• TASK BRIEF: The data should be written out in full, exactly as it stands, and the pictures dropped.

• DATA FOR REVIEW:
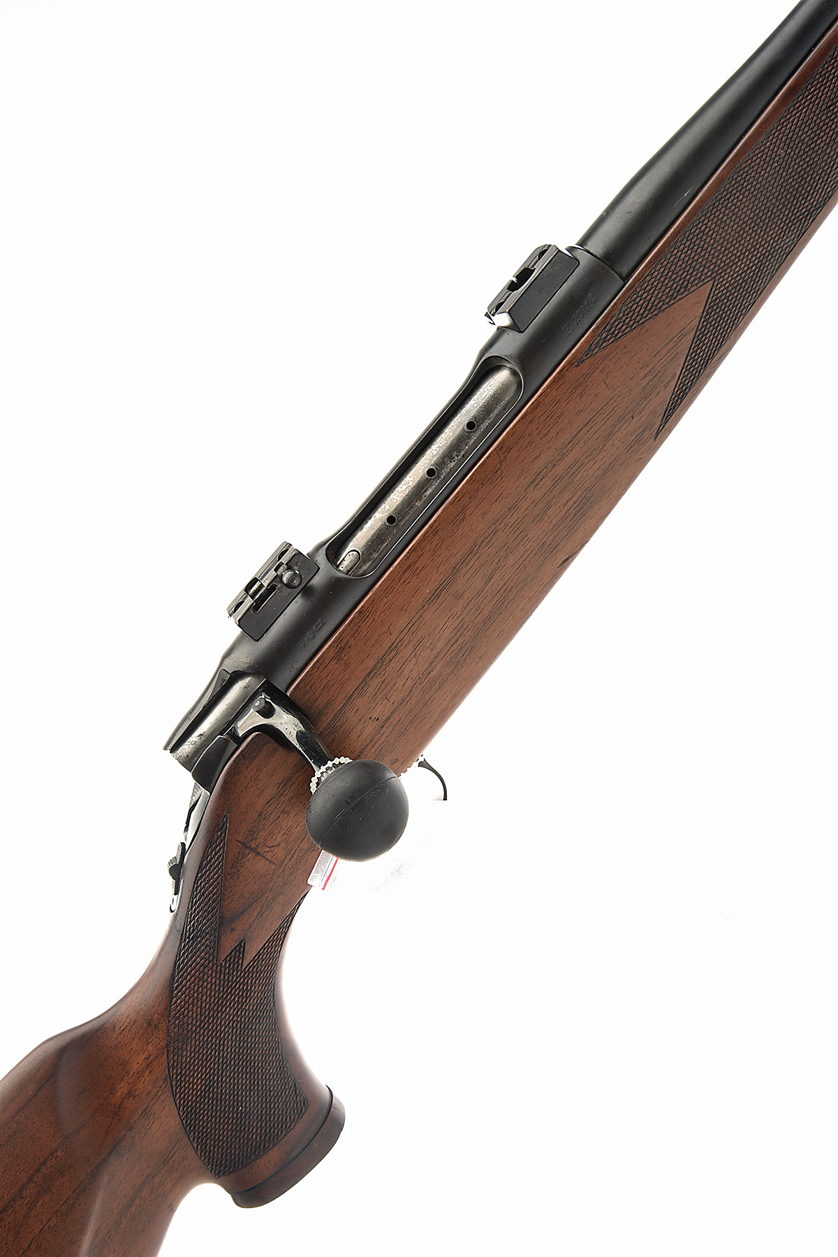 circa 1979, 23 1/2in. nitro barrel, ramp-mounted fore-sight, leaf rear-sight, tapped for apel mounts, ball bolt, manual tang safety. detachable magazine, well-figured pistolgrip stock with ventilated recoil pad and cheekpiece, sling eyes
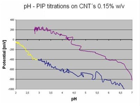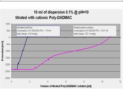 在Stabino II ®中,离子电荷密度还可以通过聚电解质滴定至达到零电位点来确定。因为CNT表面自然带负电,因此滴定通过添加阳离子聚合物来操作。1N的阳离子聚电解质(PD)带有1eq的电子电荷。假设电荷补偿是1:1,那么聚电解质(PD)的消耗量就可以测量每克样品总的电荷。
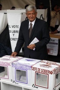 20701059. México, D.F.- El candidato presidencial de la coalición Movimiento Progresista, Andrés Manuel López Obrador, acudió a emitir su voto en la delegación Coyoacán, para la elección de presidente de la República, diputados, senadores y jefe de Gobierno del D.F. VOTO2012/AMLO.
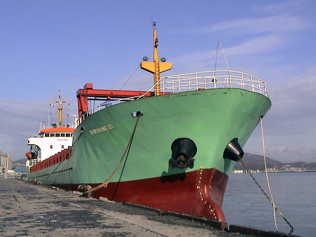 小樽で見られる老朽化したロシア船と違って、新しい赤と緑の2色の船体が目立つ「サンシャイン21」(全長83m、総トン数3,000トン)が、この新航路に就航した。
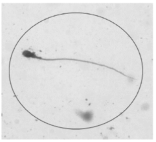 En la figura 2 observamos un espermatozoide de ratón y en la figura 3 observamos un espermatozoide humano, comparando ambas figuras podemos apreciar que la morfología de los espermatozoides de los ratones no difiere de la de los seres humanos, salvo en el tamaño que según la bibliografía en los ratones es de 8 micras y en el ser humano de 45 micras, esta diferencia de tamaño hace que en el espermatozoide humano se pueda apreciar y diferenciar con mucha claridad las partes de un espermatozoide (cabeza, cuello y cola).
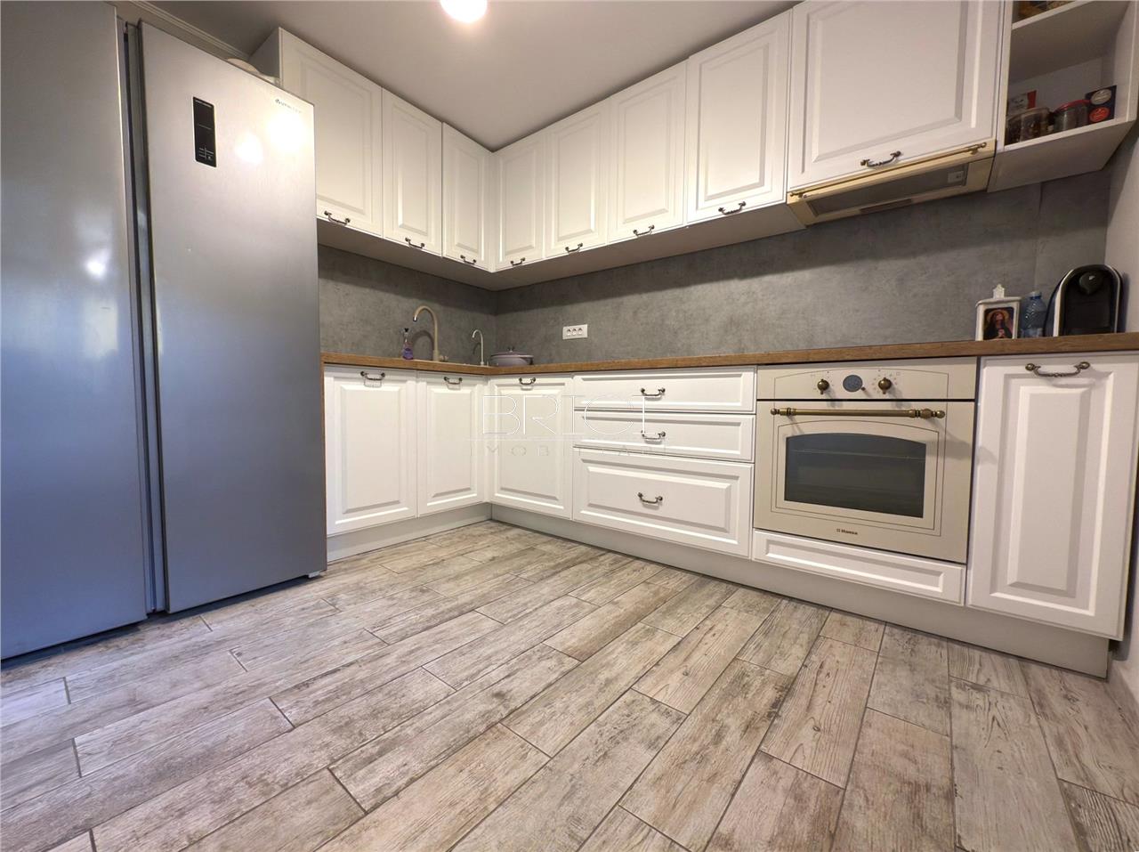Se vinde mobilata-utilata, ca in fotografiile din anunt, incalzirea se face prin centrala termica proprie, ferestrele sunt de tip termopan si profil PVC iar usa de la intrare este metalica.

• RESPONSE TO THE EXERCISE:
 circa 1979, 23 1/2in. nitro barrel, ramp-mounted fore-sight, leaf rear-sight, tapped for apel mounts, ball bolt, manual tang safety. detachable magazine, well-figured pistolgrip stock with ventilated recoil pad and cheekpiece, sling eyes
 在Stabino II ®中,离子电荷密度还可以通过聚电解质滴定至达到零电位点来确定。因为CNT表面自然带负电,因此滴定通过添加阳离子聚合物来操作。1N的阳离子聚电解质(PD)带有1eq的电子电荷。假设电荷补偿是1:1,那么聚电解质(PD)的消耗量就可以测量每克样品总的电荷。
 20701059. México, D.F.- El candidato presidencial de la coalición Movimiento Progresista, Andrés Manuel López Obrador, acudió a emitir su voto en la delegación Coyoacán, para la elección de presidente de la República, diputados, senadores y jefe de Gobierno del D.F. VOTO2012/AMLO.
 小樽で見られる老朽化したロシア船と違って、新しい赤と緑の2色の船体が目立つ「サンシャイン21」(全長83m、総トン数3,000トン)が、この新航路に就航した。
 En la figura 2 observamos un espermatozoide de ratón y en la figura 3 observamos un espermatozoide humano, comparando ambas figuras podemos apreciar que la morfología de los espermatozoides de los ratones no difiere de la de los seres humanos, salvo en el tamaño que según la bibliografía en los ratones es de 8 micras y en el ser humano de 45 micras, esta diferencia de tamaño hace que en el espermatozoide humano se pueda apreciar y diferenciar con mucha claridad las partes de un espermatozoide (cabeza, cuello y cola).
Se vinde mobilata-utilata, ca in fotografiile din anunt, incalzirea se face prin centrala termica proprie, ferestrele sunt de tip termopan si profil PVC iar usa de la intrare este metalica.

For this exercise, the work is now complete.